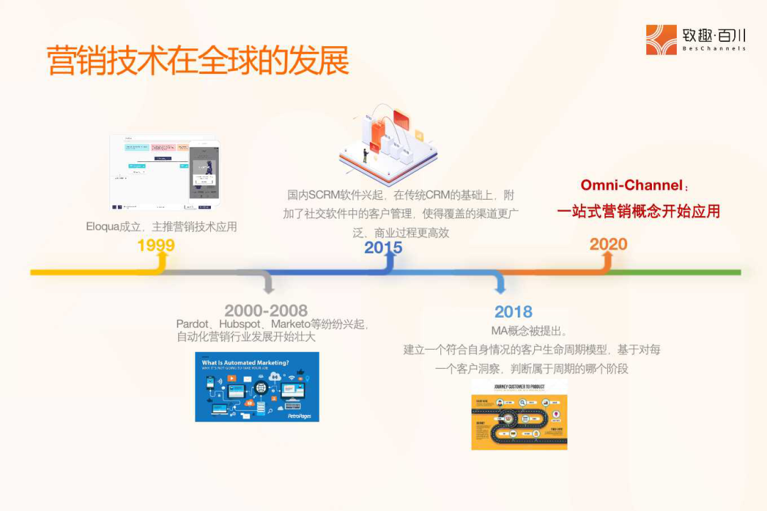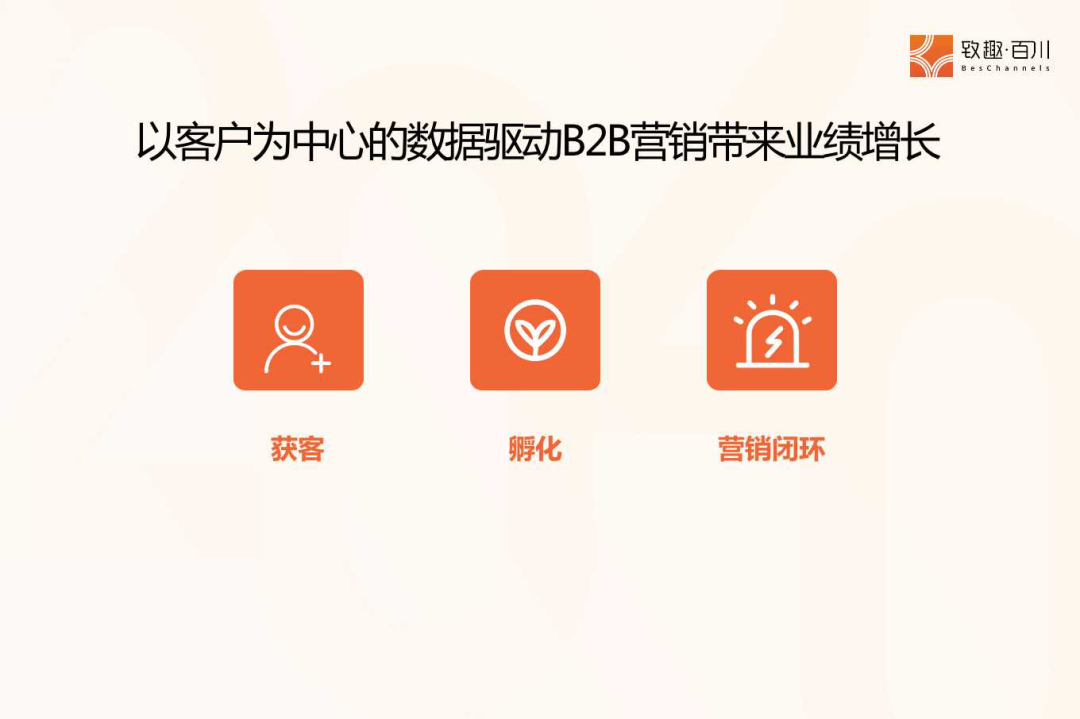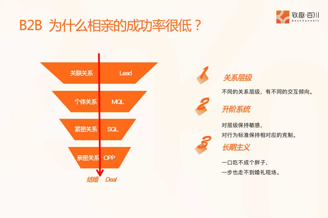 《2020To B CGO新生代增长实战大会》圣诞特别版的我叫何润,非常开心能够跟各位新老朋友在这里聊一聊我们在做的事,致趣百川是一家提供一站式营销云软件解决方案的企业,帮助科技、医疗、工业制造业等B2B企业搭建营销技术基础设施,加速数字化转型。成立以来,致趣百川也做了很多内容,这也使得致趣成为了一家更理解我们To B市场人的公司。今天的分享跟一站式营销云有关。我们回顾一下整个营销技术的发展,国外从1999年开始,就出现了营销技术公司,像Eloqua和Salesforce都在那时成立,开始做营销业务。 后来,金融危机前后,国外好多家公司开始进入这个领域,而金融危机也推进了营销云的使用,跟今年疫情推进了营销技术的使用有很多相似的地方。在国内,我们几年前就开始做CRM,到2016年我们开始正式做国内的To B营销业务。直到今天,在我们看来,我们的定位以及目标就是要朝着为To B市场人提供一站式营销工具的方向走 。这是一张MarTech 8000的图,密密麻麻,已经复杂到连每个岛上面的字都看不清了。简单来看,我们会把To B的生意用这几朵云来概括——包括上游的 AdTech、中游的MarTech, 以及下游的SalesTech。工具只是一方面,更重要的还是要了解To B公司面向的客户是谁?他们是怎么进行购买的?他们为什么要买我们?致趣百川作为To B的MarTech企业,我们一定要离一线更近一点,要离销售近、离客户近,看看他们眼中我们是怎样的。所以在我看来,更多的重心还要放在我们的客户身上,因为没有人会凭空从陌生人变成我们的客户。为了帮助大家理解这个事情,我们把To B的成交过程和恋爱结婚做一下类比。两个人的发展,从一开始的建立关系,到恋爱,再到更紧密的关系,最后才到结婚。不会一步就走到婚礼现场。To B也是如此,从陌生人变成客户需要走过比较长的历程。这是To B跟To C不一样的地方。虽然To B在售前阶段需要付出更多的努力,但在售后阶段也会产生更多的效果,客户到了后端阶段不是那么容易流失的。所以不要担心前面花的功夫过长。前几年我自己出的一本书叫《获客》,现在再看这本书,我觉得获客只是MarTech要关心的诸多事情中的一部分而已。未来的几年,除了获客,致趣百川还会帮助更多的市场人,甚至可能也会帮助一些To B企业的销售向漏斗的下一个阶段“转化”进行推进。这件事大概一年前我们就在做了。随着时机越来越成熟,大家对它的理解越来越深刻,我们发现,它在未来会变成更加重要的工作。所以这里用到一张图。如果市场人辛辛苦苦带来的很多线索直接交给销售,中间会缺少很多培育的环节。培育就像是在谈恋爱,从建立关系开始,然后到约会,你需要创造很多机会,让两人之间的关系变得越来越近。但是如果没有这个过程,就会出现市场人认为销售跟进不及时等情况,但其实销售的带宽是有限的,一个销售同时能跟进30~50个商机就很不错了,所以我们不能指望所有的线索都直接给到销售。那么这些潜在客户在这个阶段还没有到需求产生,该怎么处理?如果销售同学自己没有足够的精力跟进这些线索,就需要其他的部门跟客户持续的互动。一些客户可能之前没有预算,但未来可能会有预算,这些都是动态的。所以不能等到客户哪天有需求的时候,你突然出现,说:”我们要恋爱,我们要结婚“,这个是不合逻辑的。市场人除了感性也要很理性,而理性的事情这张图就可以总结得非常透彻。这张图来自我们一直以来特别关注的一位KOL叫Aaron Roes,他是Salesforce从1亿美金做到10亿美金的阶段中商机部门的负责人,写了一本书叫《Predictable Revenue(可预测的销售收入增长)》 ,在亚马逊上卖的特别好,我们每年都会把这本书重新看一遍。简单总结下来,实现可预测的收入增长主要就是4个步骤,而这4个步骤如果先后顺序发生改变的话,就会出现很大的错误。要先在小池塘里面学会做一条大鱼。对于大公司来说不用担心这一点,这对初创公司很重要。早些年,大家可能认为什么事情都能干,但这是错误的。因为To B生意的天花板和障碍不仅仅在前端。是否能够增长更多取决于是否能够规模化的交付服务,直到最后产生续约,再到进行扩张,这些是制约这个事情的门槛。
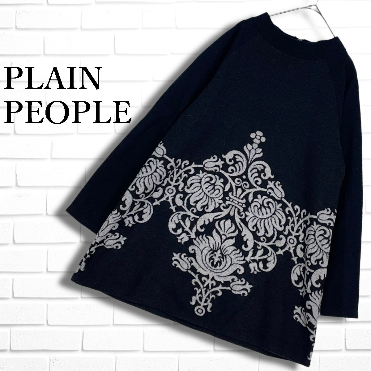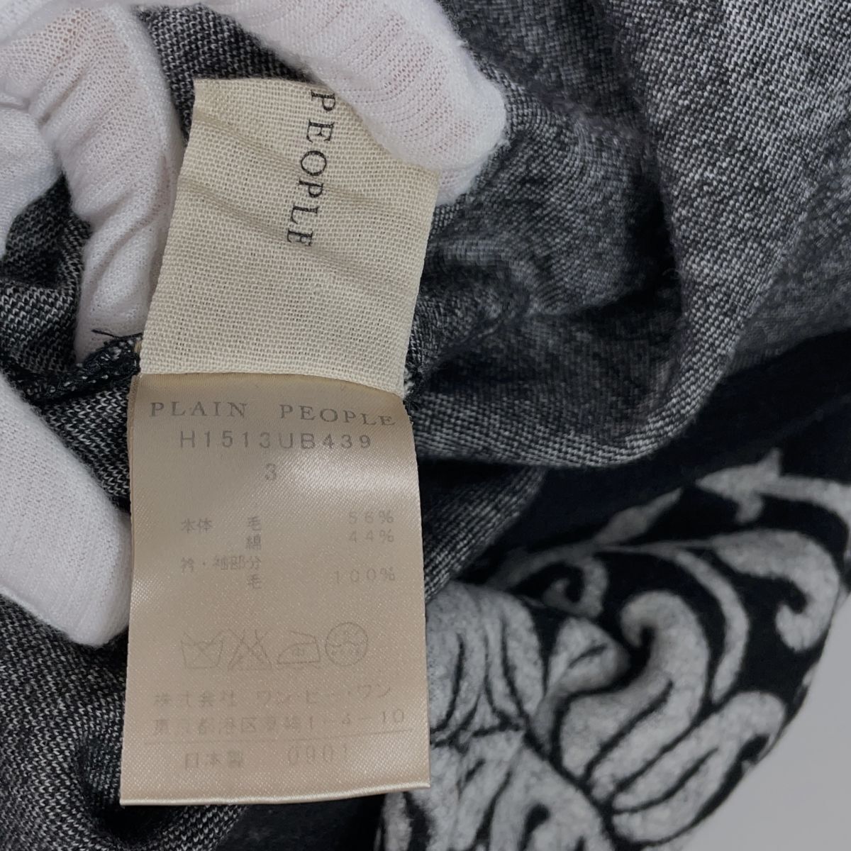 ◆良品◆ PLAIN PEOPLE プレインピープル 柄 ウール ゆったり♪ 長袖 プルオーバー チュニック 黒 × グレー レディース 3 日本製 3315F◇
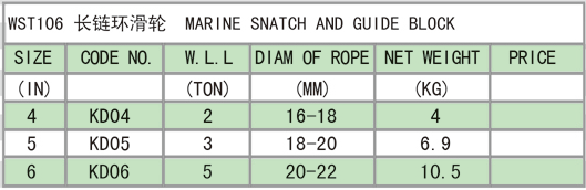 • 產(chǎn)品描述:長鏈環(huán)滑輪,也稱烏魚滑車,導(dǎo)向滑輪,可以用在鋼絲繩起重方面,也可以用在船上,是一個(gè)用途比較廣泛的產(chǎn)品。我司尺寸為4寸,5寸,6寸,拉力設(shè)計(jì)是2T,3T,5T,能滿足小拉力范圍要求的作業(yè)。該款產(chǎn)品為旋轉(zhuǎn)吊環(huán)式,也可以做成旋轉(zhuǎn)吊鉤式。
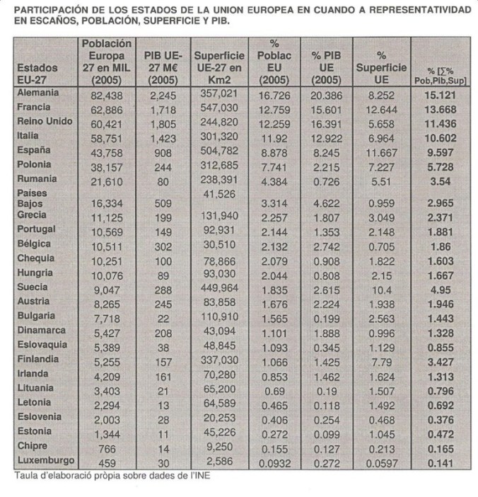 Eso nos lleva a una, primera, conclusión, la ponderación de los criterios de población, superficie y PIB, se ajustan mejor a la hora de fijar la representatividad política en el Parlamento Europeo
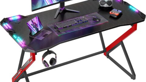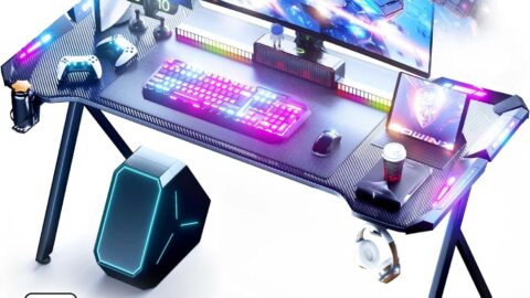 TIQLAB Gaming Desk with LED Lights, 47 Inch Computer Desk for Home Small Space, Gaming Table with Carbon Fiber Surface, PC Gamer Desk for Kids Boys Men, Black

EXERCISE: Your task is to repeat exactly the lines from the one containing "3 日本製 3315F◇" through the end of the material, both included, and only those, without pictures.

EXERCISE OUTPUT:
 ◆良品◆ PLAIN PEOPLE プレインピープル 柄 ウール ゆったり♪ 長袖 プルオーバー チュニック 黒 × グレー レディース 3 日本製 3315F◇
 • 產(chǎn)品描述:長鏈環(huán)滑輪,也稱烏魚滑車,導(dǎo)向滑輪,可以用在鋼絲繩起重方面,也可以用在船上,是一個(gè)用途比較廣泛的產(chǎn)品。我司尺寸為4寸,5寸,6寸,拉力設(shè)計(jì)是2T,3T,5T,能滿足小拉力范圍要求的作業(yè)。該款產(chǎn)品為旋轉(zhuǎn)吊環(huán)式,也可以做成旋轉(zhuǎn)吊鉤式。
 Eso nos lleva a una, primera, conclusión, la ponderación de los criterios de población, superficie y PIB, se ajustan mejor a la hora de fijar la representatividad política en el Parlamento Europeo
 TIQLAB Gaming Desk with LED Lights, 47 Inch Computer Desk for Home Small Space, Gaming Table with Carbon Fiber Surface, PC Gamer Desk for Kids Boys Men, Black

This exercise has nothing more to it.